▸ **Records provided**:
::::::::::
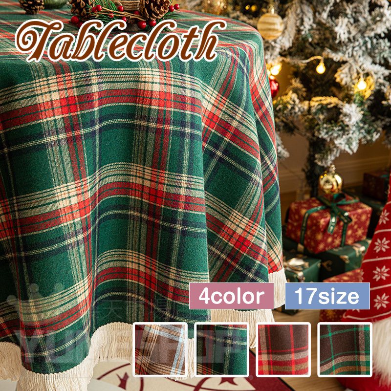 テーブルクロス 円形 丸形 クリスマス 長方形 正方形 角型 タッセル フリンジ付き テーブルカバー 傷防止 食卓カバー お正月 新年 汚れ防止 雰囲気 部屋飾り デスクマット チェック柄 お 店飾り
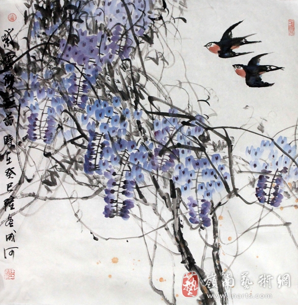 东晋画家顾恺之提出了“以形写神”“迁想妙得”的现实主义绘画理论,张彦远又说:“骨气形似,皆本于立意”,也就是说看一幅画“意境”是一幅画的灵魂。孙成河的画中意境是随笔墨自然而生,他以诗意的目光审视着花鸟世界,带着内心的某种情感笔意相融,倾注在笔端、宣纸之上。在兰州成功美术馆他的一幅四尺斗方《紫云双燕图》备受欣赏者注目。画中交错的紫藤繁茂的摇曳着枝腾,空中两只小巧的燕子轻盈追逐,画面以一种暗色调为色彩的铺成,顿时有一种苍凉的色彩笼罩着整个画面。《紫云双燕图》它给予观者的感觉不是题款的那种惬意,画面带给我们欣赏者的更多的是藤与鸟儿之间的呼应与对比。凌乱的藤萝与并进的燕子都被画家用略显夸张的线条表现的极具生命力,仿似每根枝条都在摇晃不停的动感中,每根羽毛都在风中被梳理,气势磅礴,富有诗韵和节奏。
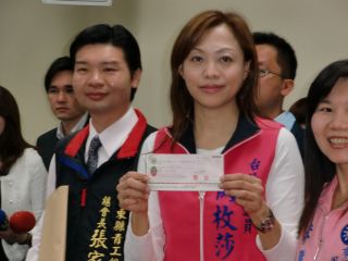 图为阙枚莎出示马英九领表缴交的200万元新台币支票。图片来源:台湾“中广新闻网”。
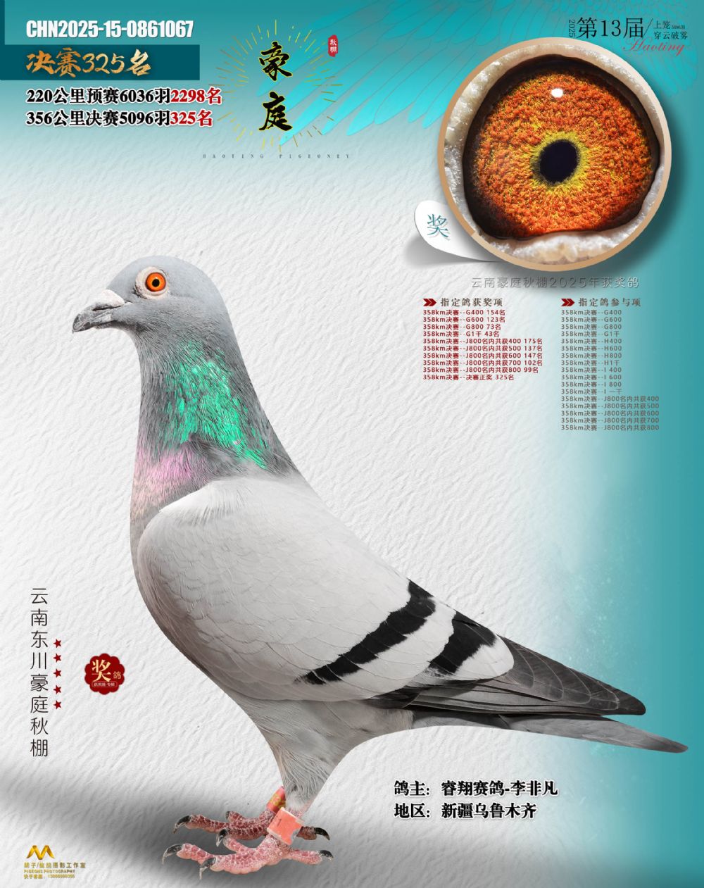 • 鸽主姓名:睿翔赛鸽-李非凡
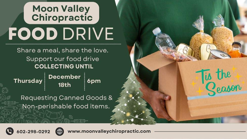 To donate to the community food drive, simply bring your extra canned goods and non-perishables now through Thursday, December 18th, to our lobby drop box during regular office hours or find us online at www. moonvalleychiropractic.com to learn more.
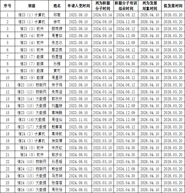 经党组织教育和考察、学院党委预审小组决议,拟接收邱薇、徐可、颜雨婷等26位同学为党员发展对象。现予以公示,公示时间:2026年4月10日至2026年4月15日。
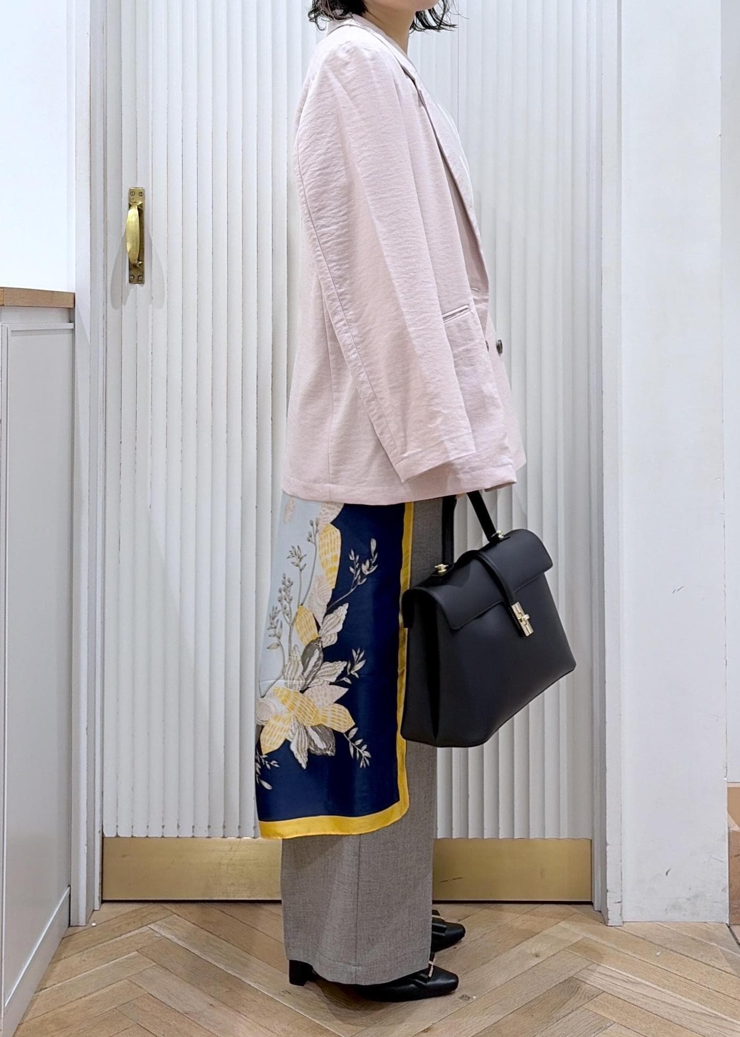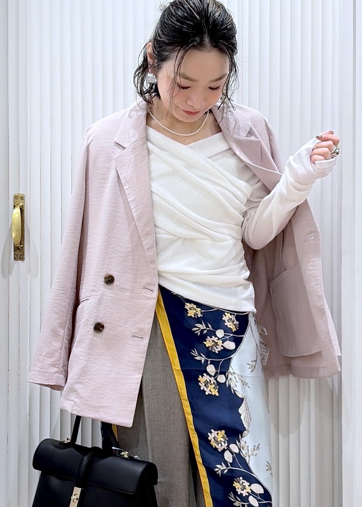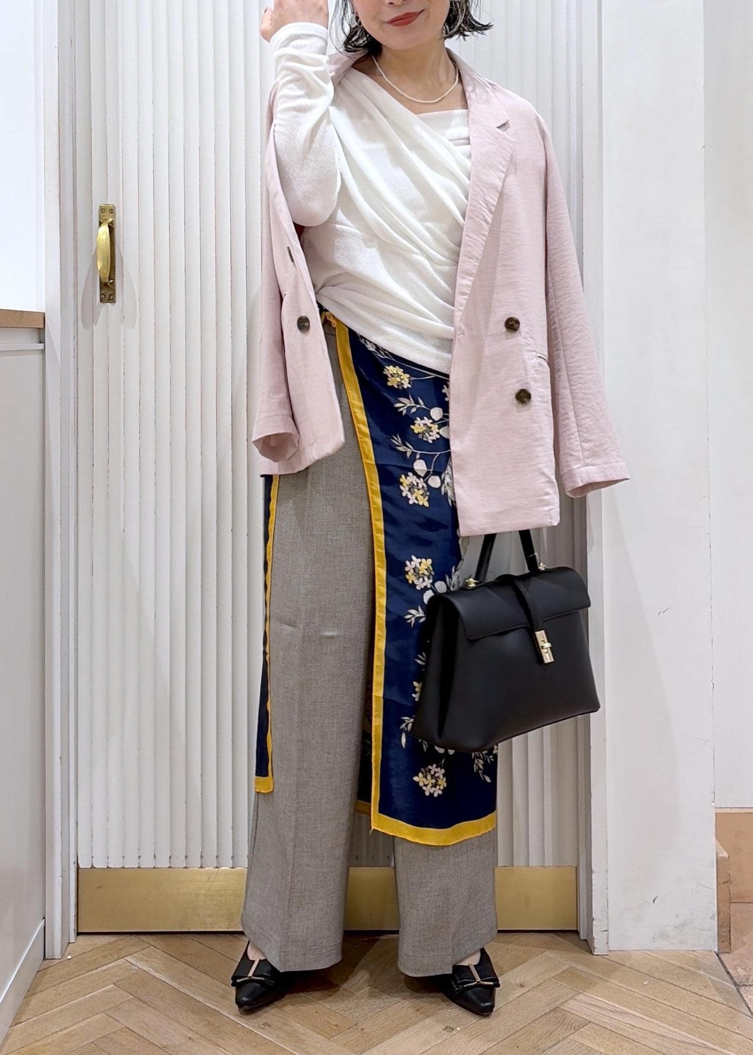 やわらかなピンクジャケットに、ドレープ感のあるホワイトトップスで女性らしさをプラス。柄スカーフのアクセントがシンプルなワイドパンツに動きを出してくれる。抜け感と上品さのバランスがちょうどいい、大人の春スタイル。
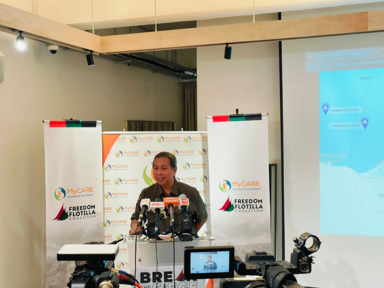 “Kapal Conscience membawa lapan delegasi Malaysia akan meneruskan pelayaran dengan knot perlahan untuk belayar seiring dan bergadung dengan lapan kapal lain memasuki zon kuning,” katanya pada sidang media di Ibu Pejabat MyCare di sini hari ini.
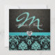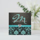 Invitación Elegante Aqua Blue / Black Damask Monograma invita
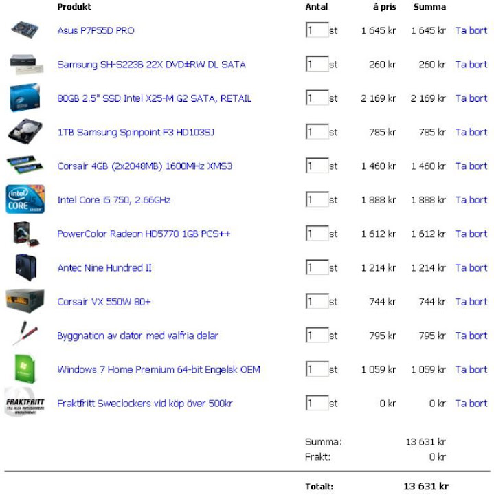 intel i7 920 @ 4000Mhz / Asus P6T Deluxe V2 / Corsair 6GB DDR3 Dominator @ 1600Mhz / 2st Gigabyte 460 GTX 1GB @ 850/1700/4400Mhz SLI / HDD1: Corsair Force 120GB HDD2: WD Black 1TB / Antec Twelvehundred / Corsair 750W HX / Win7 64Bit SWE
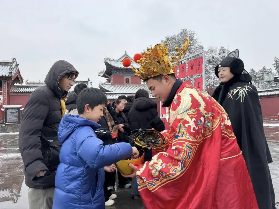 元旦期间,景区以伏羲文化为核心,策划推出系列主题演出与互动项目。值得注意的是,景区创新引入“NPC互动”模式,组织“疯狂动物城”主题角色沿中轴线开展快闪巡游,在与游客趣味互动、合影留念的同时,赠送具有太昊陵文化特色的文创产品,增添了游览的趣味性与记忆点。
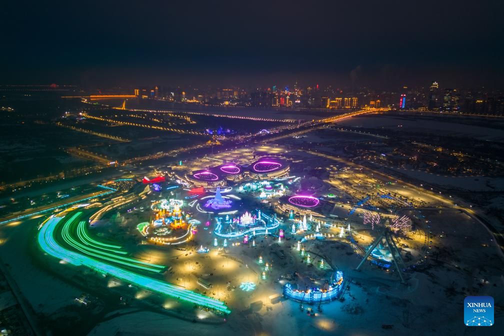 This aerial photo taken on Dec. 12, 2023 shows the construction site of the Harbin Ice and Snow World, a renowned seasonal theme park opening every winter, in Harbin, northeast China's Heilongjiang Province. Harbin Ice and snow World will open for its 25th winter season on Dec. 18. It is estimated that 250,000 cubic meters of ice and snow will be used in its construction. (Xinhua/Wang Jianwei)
::::::::::
▸ **What is being asked**:
Nothing except the lines from the one containing "图为阙枚莎出示马英九领表缴交" through the one containing "元旦期间,景区以伏羲文化为核" should appear in the answer, exactly as above and without pictures.

▸ **Written response**:
 图为阙枚莎出示马英九领表缴交的200万元新台币支票。图片来源:台湾“中广新闻网”。
 • 鸽主姓名:睿翔赛鸽-李非凡
 To donate to the community food drive, simply bring your extra canned goods and non-perishables now through Thursday, December 18th, to our lobby drop box during regular office hours or find us online at www. moonvalleychiropractic.com to learn more.
 经党组织教育和考察、学院党委预审小组决议,拟接收邱薇、徐可、颜雨婷等26位同学为党员发展对象。现予以公示,公示时间:2026年4月10日至2026年4月15日。
 やわらかなピンクジャケットに、ドレープ感のあるホワイトトップスで女性らしさをプラス。柄スカーフのアクセントがシンプルなワイドパンツに動きを出してくれる。抜け感と上品さのバランスがちょうどいい、大人の春スタイル。
 “Kapal Conscience membawa lapan delegasi Malaysia akan meneruskan pelayaran dengan knot perlahan untuk belayar seiring dan bergadung dengan lapan kapal lain memasuki zon kuning,” katanya pada sidang media di Ibu Pejabat MyCare di sini hari ini.
 Invitación Elegante Aqua Blue / Black Damask Monograma invita
 intel i7 920 @ 4000Mhz / Asus P6T Deluxe V2 / Corsair 6GB DDR3 Dominator @ 1600Mhz / 2st Gigabyte 460 GTX 1GB @ 850/1700/4400Mhz SLI / HDD1: Corsair Force 120GB HDD2: WD Black 1TB / Antec Twelvehundred / Corsair 750W HX / Win7 64Bit SWE
 元旦期间,景区以伏羲文化为核心,策划推出系列主题演出与互动项目。值得注意的是,景区创新引入“NPC互动”模式,组织“疯狂动物城”主题角色沿中轴线开展快闪巡游,在与游客趣味互动、合影留念的同时,赠送具有太昊陵文化特色的文创产品,增添了游览的趣味性与记忆点。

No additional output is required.